Trump: Efforts To Teach Anti-Racism Are Child Abuse

Over the past few years it’s become apparent that approximately 40% of American voters are either racists (covert or overt), or, at very least, perfectly comfortable with racism.  To that end, they’re going to support Trump’s call to alter our schools’ textbooks to make our country’s racial history appear just, compassionate, and inclusive, where the precise opposite is true.

FWIW, the idea of sugar-coating the cruelty against people of color that has defined U.S. history since the country’s inception is not a new one.

Here’s educator Jonathan Kozol from a 1969 essay called “A Talk to Teachers,” discussing why black parents do not trust white teachers and school administrators.

Why don’t they trust us? What on earth could we be doing wrong? I don’t think we really have to look far to find the answer. Teachers go out on strike for all sorts of good and palpable and powerful reasons: they strike for pay, they strike for better working conditions, they strike for extra benefits, occasionally they even strike for issues which have something to do, specifically, with the immediate demands of education.  But when, the black community asks us, did we ever strike to bring about racial integration? When, they want to know, did we ever strike to get racist Scott Foreman readers taken out of any grade-school classrooms? When, they ask, did the junior high school teachers of the ghetto ever strike to have the dishonest and openly bigoted and destructive Allyn and Bacon social studies textbooks taken out of their shelves and classrooms? 

From Allyn and Bacon, publishers: Our America, a textbook for fourth grade children on our nation’s history:

‘Our slaves have good homes and plenty to eat.’ . . . Most Southern people treated their slaves kindly. . . . ‘When they are sick, we take good care of them.’ No one can truly say, ‘The North was right’ or ‘The Southern cause was the better.’ For in Our America all of us have the right to our beliefs.

and

The streets of this Oasis city of Biskra [in North Africa] are interesting. There are many different people upon them. Some who are white like ourselves have come here from Europe. Others are Negroes with black skins.  Yumbu and Minko are a black boy and a black girl who live in this jungle village. Their skins are of so dark a brown color that they look almost black. Their noses are  large and flat. Their lips are thick. Their hair is so curly that it seems like wool. They are Negroes and they belong to the black race. Two Swiss children live in a farmhouse on the edge of town. These children are handsome. Their eyes are blue. Their hair is golden yellow. Their white skins are clear, and their cheeks are as red as ripe, red apples.

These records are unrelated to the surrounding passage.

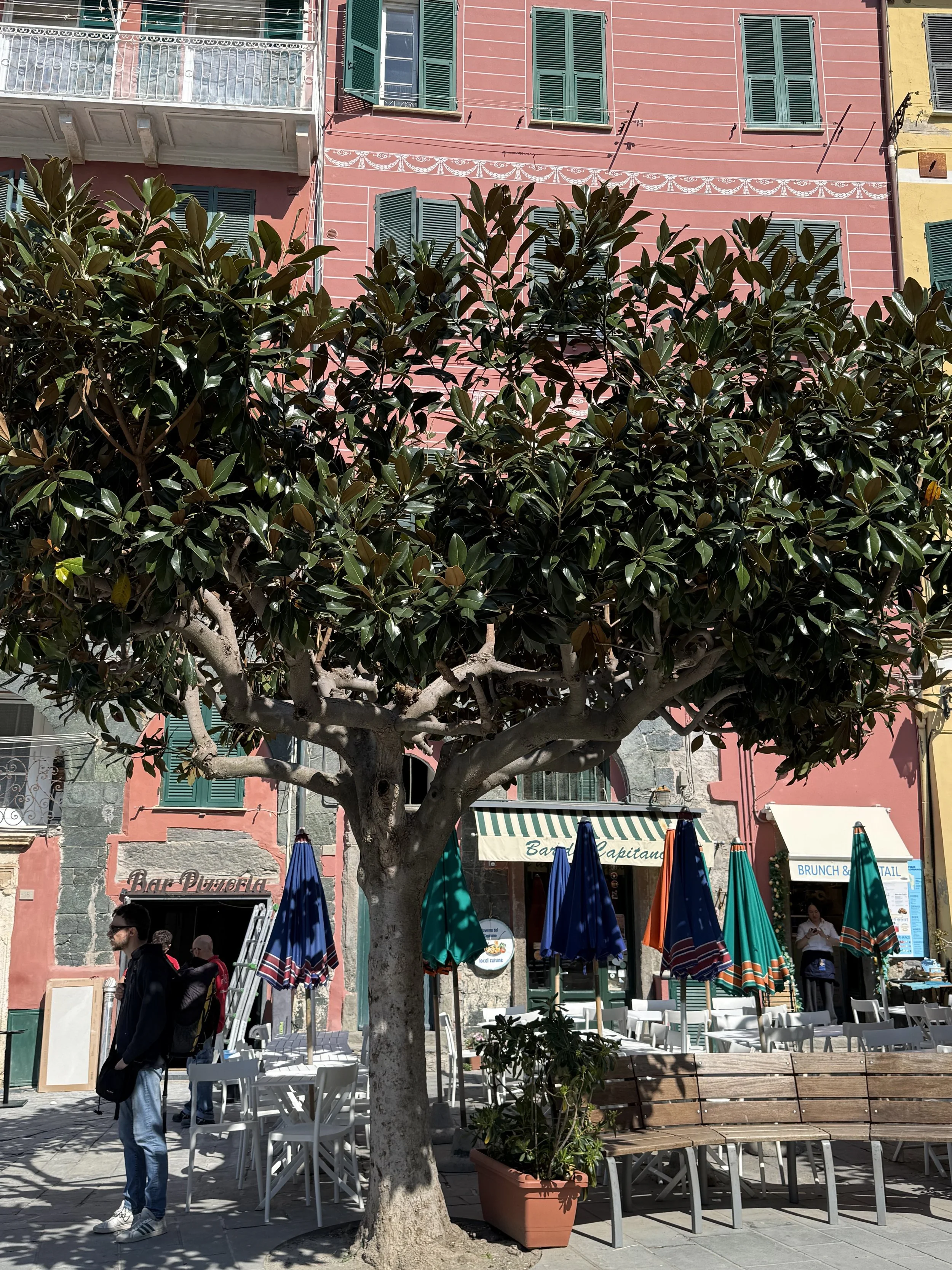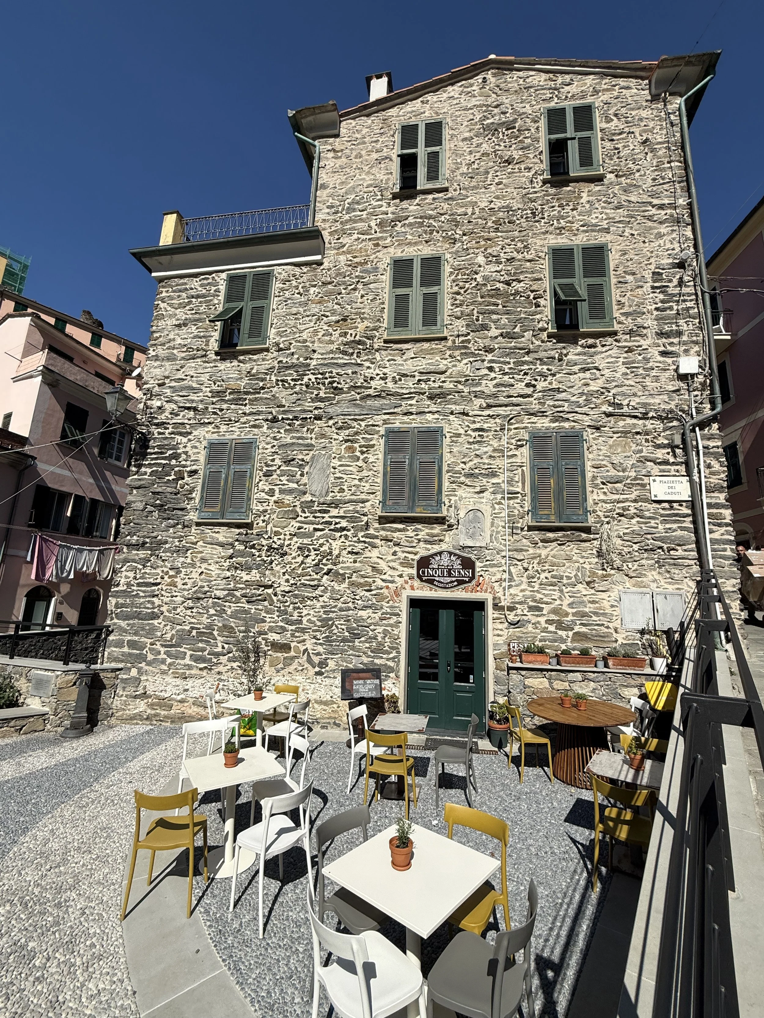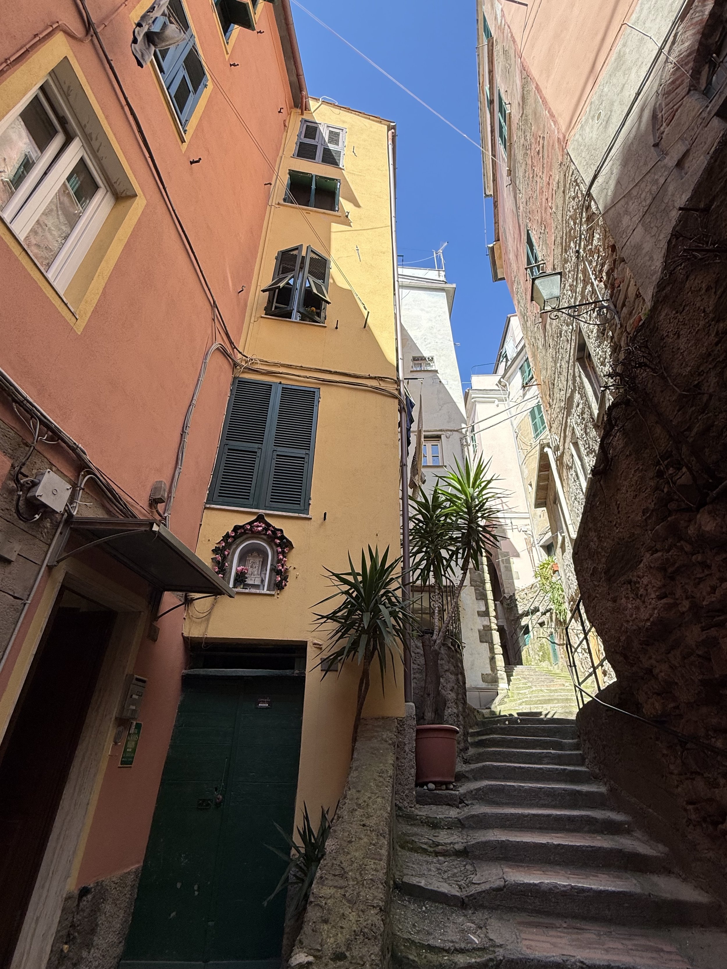 Sometimes called the pearl of Cinque Terre, Vernazza is full of charm. It was market day in Vernazza today so lots of fresh fruits, vegetables and other market items. There were also massive amounts of paper goods, as in, toilet paper and paper towels. It looked like Costco. Perhaps the town get paper products brought in once a month. I’m not sure and I didn’t ask. My adventure was seeking meds for Scott at the pharmacy. I to trust the pharmacist as he sold me the European equivalent of Tylenol. Scott is feeling better so I guess it’s all good.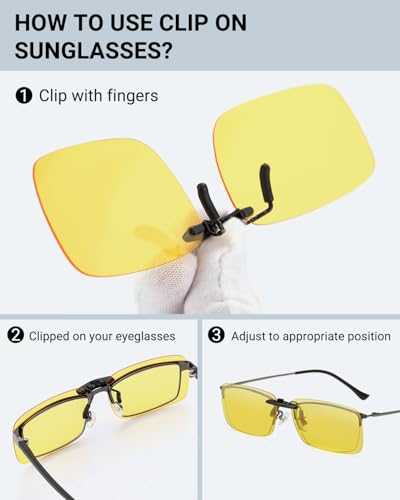 TERAISE Clip-on Sunglasses Polarized Lens For Prescription Glasses Night Vision Sunglasses for Outdoor Walking Driving Fishing Cycling HD Anti-Glare UV400 for Men and Women Set of 2 Driving Glasses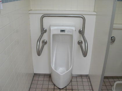 男性用トイレのスペース、約4分の1を占めるちょっと大きめの手すり付き洋式個室の2つです。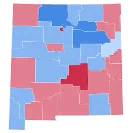 A reliable bellwether state in presidential elections up to this point, this was the first election since gaining statehood that New Mexico did not back the winning presidential candidate, and the only time, as of 2020, that New Mexico did not back the national popular-vote winner (in 2000 and 2016, it voted for the candidate who won the popular vote but not the electoral vote), giving it the longest current streak in the nation. It is also the only election a Democrat has won while losing New Mexico. As of the 2020 presidential election, this is the last election in which Torrance County and Quay County voted for a Democratic presidential candidate.[2]

You were there.  You were in the classroom. You were the one who had the education and the professional judgement and, supposedly, the moral character. What did you do? What did you say? The Negro mother asks us: If you ever protested, you must have done it in a whisper: we never heard you.

“Why is it they don’t trust us?” ask the sweet and bewildered white school-ladies to each other. Because we’re frauds and it took the Negroes a long time to figure it out: but now they know it.

Why is it they don’t trust us? Because they had done nothing to deserve being trusted: because they were not trustworthy.

It’s quite possible that the aims of the BLM movement, supported by a majority of Americans (and almost everybody outside the United States) will one day succeed.  It may not appear possible right this minute, but lots of things seem impossible until they actually happen.